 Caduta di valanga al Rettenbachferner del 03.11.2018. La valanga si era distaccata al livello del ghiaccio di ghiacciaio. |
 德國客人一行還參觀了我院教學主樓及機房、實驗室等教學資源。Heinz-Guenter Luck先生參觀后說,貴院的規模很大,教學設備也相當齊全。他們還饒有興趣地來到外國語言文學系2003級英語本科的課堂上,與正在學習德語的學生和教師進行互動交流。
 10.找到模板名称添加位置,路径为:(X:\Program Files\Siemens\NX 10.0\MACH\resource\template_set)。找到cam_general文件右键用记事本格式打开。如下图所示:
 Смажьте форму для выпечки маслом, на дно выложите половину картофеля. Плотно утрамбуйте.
...
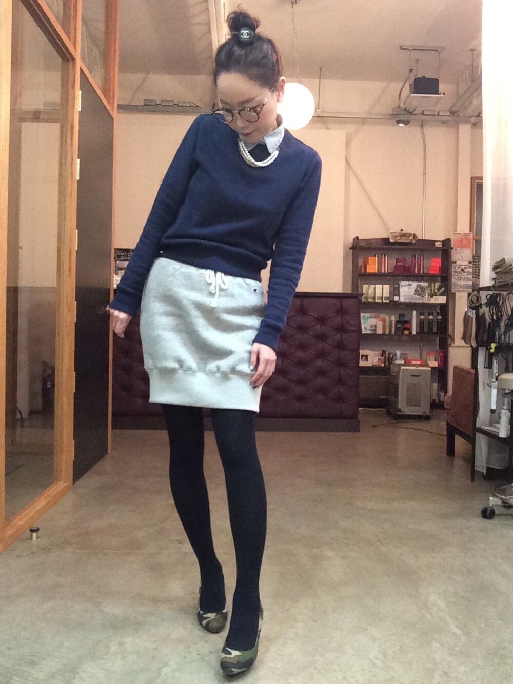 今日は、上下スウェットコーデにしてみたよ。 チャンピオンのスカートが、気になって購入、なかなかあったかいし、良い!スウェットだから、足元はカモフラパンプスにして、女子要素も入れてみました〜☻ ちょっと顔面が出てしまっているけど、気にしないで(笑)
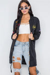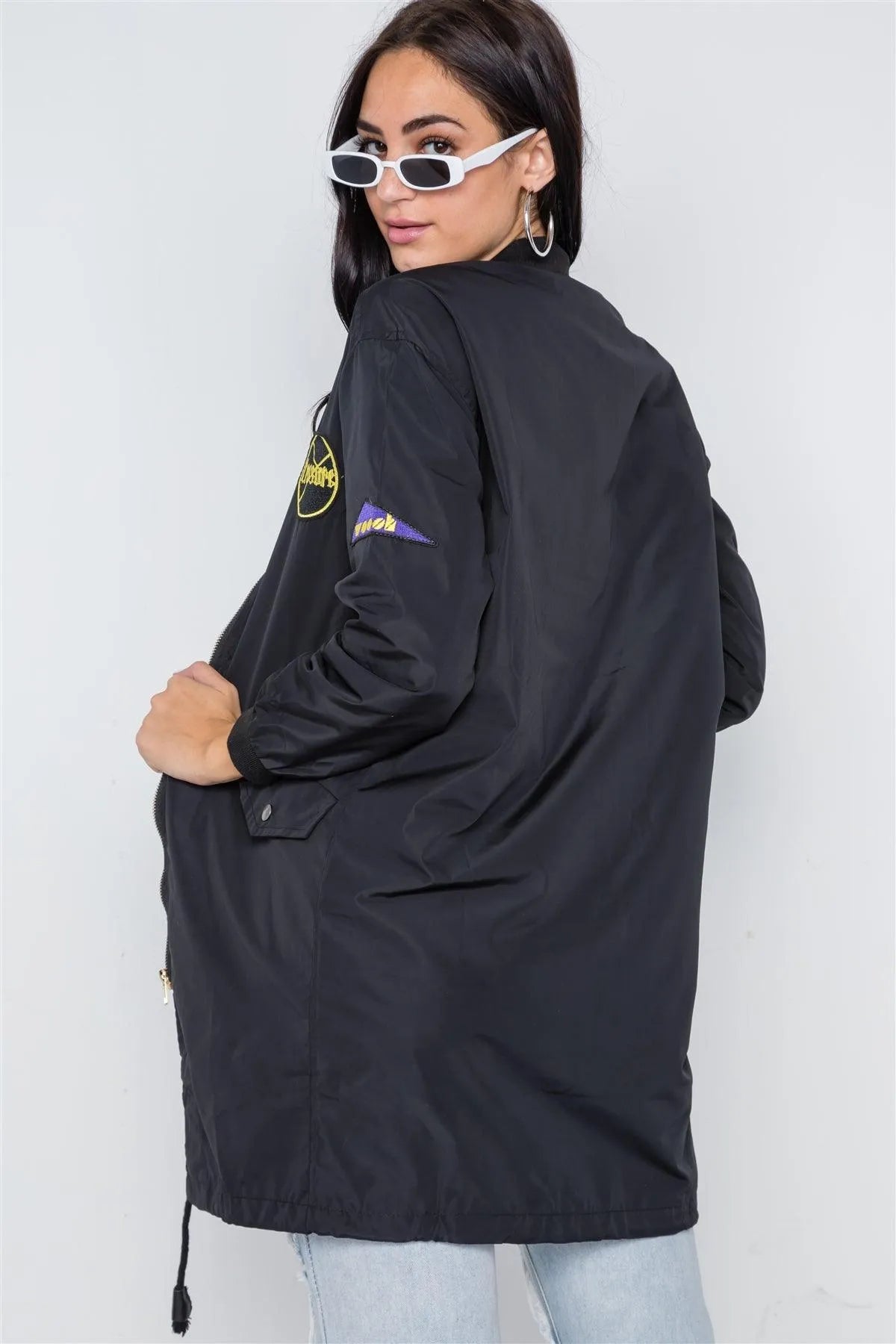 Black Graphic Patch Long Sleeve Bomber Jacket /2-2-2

■ **Description of the task**:
Return the span of lines in the data above that opens at the line with "Caduta di valanga" and closes at the line with "Смажьте форму для", exactly, ends included, nothing else.

■ **Solution for this problem**:
 Caduta di valanga al Rettenbachferner del 03.11.2018. La valanga si era distaccata al livello del ghiaccio di ghiacciaio. |
 德國客人一行還參觀了我院教學主樓及機房、實驗室等教學資源。Heinz-Guenter Luck先生參觀后說,貴院的規模很大,教學設備也相當齊全。他們還饒有興趣地來到外國語言文學系2003級英語本科的課堂上,與正在學習德語的學生和教師進行互動交流。
 10.找到模板名称添加位置,路径为:(X:\Program Files\Siemens\NX 10.0\MACH\resource\template_set)。找到cam_general文件右键用记事本格式打开。如下图所示:
 Смажьте форму для выпечки маслом, на дно выложите половину картофеля. Плотно утрамбуйте.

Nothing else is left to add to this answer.